Logo Questions Linux Laravel Mysql Ubuntu Git Menu
 

How to split a dos path into its components in Python

Tags:

python

People also ask

How do you split a directory in Python?

path. split() method in Python is used to Split the path name into a pair head and tail. Here, tail is the last path name component and head is everything leading up to that.

What is OS path split?

os.path. split (path) Split the pathname path into a pair, (head, tail) where tail is the last pathname component and head is everything leading up to that. The tail part will never contain a slash; if path ends in a slash, tail will be empty. If there is no slash in path, head will be empty.

How do you split a string into a list in Python?

The split() method splits a string into a list. You can specify the separator, default separator is any whitespace. Note: When maxsplit is specified, the list will contain the specified number of elements plus one.


I would do

import os
path = os.path.normpath(path)
path.split(os.sep)

First normalize the path string into a proper string for the OS. Then os.sep must be safe to use as a delimiter in string function split.


I've been bitten loads of times by people writing their own path fiddling functions and getting it wrong. Spaces, slashes, backslashes, colons -- the possibilities for confusion are not endless, but mistakes are easily made anyway. So I'm a stickler for the use of os.path, and recommend it on that basis.

(However, the path to virtue is not the one most easily taken, and many people when finding this are tempted to take a slippery path straight to damnation. They won't realise until one day everything falls to pieces, and they -- or, more likely, somebody else -- has to work out why everything has gone wrong, and it turns out somebody made a filename that mixes slashes and backslashes -- and some person suggests that the answer is "not to do that". Don't be any of these people. Except for the one who mixed up slashes and backslashes -- you could be them if you like.)

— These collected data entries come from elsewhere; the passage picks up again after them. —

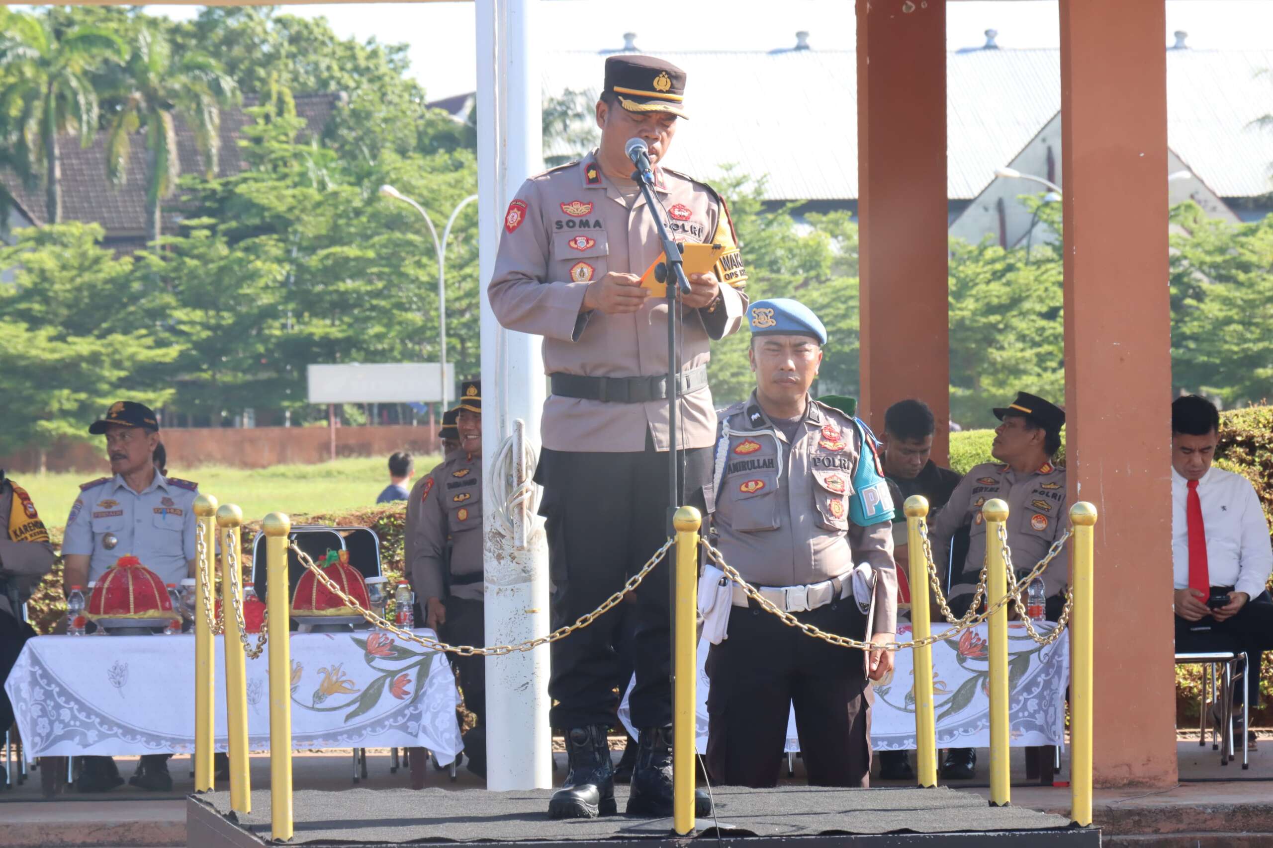 Wakapolres Gowa, Kompol Soma Mihardja, S.Sos., M.M memimpin langsung upacara apel yang berlangsung di Zona RTH Lapangan Syech Yusuf. Kegiatan ini bertujuan untuk meningkatkan kesadaran dan kepatuhan masyarakat terhadap aturan lalu lintas serta memberikan edukasi keselamatan jalan kepada pelajar.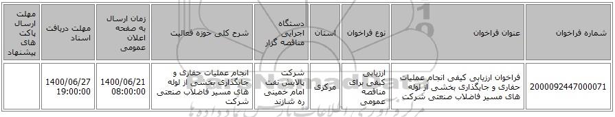 مناقصه، فراخوان ارزیابی کیفی انجام عملیات حفاری و جایگذاری بخشی از لوله های مسیر فاضلاب صنعتی شرکت, فراخوان ارزیابی کیفی انجام عملیات حفاری و جایگذاری بخشی از لوله های مسیر فاضلاب صنعتی شرکت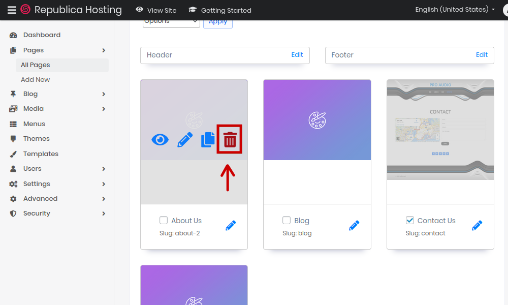 Paso 9: Una vez eliminadas las páginas, podrá comenzar a editar su sitio web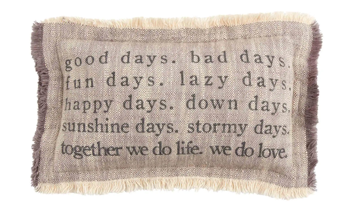 Good Small Throw Pillow is perfect for the good days, and even the bad days. The cotton lumbar pillow features a frayed flange. The pillow has a zipper closure. The pillow arrives with an insert that is vacuum-sealed and located inside the pillow cover. The entire product arrives vacuum sealed for shipping and storage ease.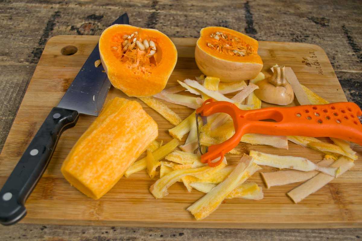 Пока курага в воде, подготовим тыкву. Ее следует прополоскать, срезать с нее кожуру, удалить внутренности и порезать на кусочки среднего размера. Выложить в сотейник, залить водой и поместить на плиту, отварить.

You can get the drive and path+file like this:

drive, path_and_file = os.path.splitdrive(path)

Get the path and the file:

path, file = os.path.split(path_and_file)

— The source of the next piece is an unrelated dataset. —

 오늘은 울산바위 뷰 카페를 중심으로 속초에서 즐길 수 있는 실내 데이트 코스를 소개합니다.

Getting the individual folder names is not especially convenient, but it is the sort of honest middling discomfort that heightens the pleasure of later finding something that actually works well:

folders = []
while 1:
    path, folder = os.path.split(path)

    if folder != "":
        folders.append(folder)
    elif path != "":
        folders.append(path)

        break

folders.reverse()

(This pops a "\" at the start of folders if the path was originally absolute. You could lose a bit of code if you didn't want that.)


In Python >=3.4 this has become much simpler. You can now use pathlib.Path.parts to get all the parts of a path.

Example:

>>> from pathlib import Path
>>> Path('C:/path/to/file.txt').parts
('C:\\', 'path', 'to', 'file.txt')
>>> Path(r'C:\path\to\file.txt').parts
('C:\\', 'path', 'to', 'file.txt')

On a Windows install of Python 3 this will assume that you are working with Windows paths, and on *nix it will assume that you are working with posix paths. This is usually what you want, but if it isn't you can use the classes pathlib.PurePosixPath or pathlib.PureWindowsPath as needed:

>>> from pathlib import PurePosixPath, PureWindowsPath
>>> PurePosixPath('/path/to/file.txt').parts
('/', 'path', 'to', 'file.txt')
>>> PureWindowsPath(r'C:\path\to\file.txt').parts
('C:\\', 'path', 'to', 'file.txt')
>>> PureWindowsPath(r'\\host\share\path\to\file.txt').parts
('\\\\host\\share\\', 'path', 'to', 'file.txt')

Edit: There is also a backport to python 2 available: pathlib2


You can simply use the most Pythonic approach (IMHO):

import os

your_path = r"d:\stuff\morestuff\furtherdown\THEFILE.txt"
path_list = your_path.split(os.sep)
print path_list

Which will give you:

['d:', 'stuff', 'morestuff', 'furtherdown', 'THEFILE.txt']

The clue here is to use os.sep instead of '\\' or '/', as this makes it system independent.

To remove colon from the drive letter (although I don't see any reason why you would want to do that), you can write:

path_list[0] = path_list[0][0]

For a somewhat more concise solution, consider the following:

def split_path(p):
    a,b = os.path.split(p)
    return (split_path(a) if len(a) and len(b) else []) + [b]

The problem here starts with how you're creating the string in the first place.

a = "d:\stuff\morestuff\furtherdown\THEFILE.txt"

Done this way, Python is trying to special case these: \s, \m, \f, and \T. In your case, \f is being treated as a formfeed (0x0C) while the other backslashes are handled correctly. What you need to do is one of these:

b = "d:\\stuff\\morestuff\\furtherdown\\THEFILE.txt"      # doubled backslashes
c = r"d:\stuff\morestuff\furtherdown\THEFILE.txt"         # raw string, no doubling necessary

Then once you split either of these, you'll get the result you want.